Interviews often ask questions about caching. I know these problems exist, and there are many organized answers on the Internet, but I have no real feeling about them. Recently in the understanding of cache processing, know a library groupcache, just looked at the source code, intends to understand the processing.

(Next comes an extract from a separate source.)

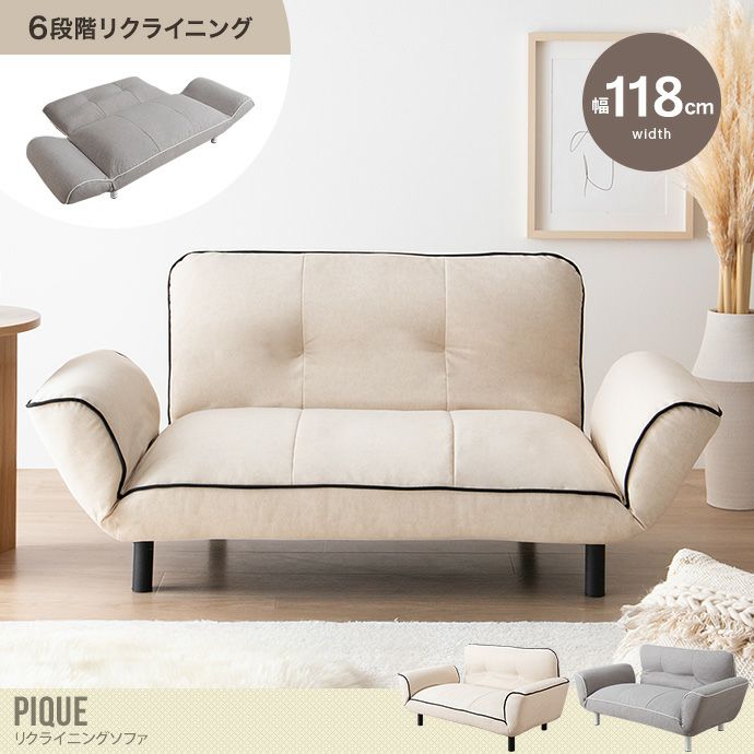 他の画像を見る 【送料無料】Pique ピケ 幅118 リクライニングソファ ソファー 二人掛けソファ 2人掛け ソファベッド ローソファ フロアソファ カウチソファー 6段階リクライニング ファブリック パイピング 肘付き 肘リクライニング ロータイプ ごろ寝 アイボリー 販売価格 ¥ 22,049 税込 送料込 カートに入れる お気に入りに登録する

One module, SingleFlight, with 65 lines of comments, does a better job of solving the cache breakdown problem.

Cache breakdown

In the case of high concurrency, when a large number of requests query the same key at the same time, this key happens to be invalid, which will lead to the same time, these requests will query the database, easy to crash the database, such a phenomenon is called cache breakdown.

The instance

Let’s take a look at a simple demo to see how it works.

package main

import (
	"fmt"
	"github.com/golang/groupcache/singleflight"
	"sync"
	"time"
)

func search(a) (interface{}, error) {
	fmt.Println("start searching")
	time.Sleep(time.Millisecond * 200)
	return 1000.nil
}

func main(a) {
	g := singleflight.Group{}
	wg := sync.WaitGroup{}
	for i := 0; i < 1000; i++ {
		wg.Add(1)
		go func(a) {
			res, err := g.Do("multi search", search)
			fmt.Println(res, err)
			wg.Done()
		}()
	}
	wg.Wait()
}
Copy the code

The search function pretends to be a time-consuming database query that returns data after 200ms. If there are 1000 queries at this time, if the search operation is carried out, it will cause relatively large pressure on the database. However, only one line of start searching was printed in the result of the above code operation, that is, only 1 out of 1000 queries was actually performed. Awesome!!

The source code

There are only two structures involved in the source code, one is the entity called, val and err are used to save the result returned by the function, and WARgaming is used to indicate the state of the function running (whether the function has been called).

type call struct {
	wg  sync.WaitGroup
	val interface{}
	err error
}
Copy the code

The other is to call the entity’s hash table, which contains a mutex, for concurrent control of m’s access.

type Group struct {
	mu sync.Mutex       // protects m
	m  map[string]*call // lazily initialized
}
Copy the code

In the actual query, the following function Do is used.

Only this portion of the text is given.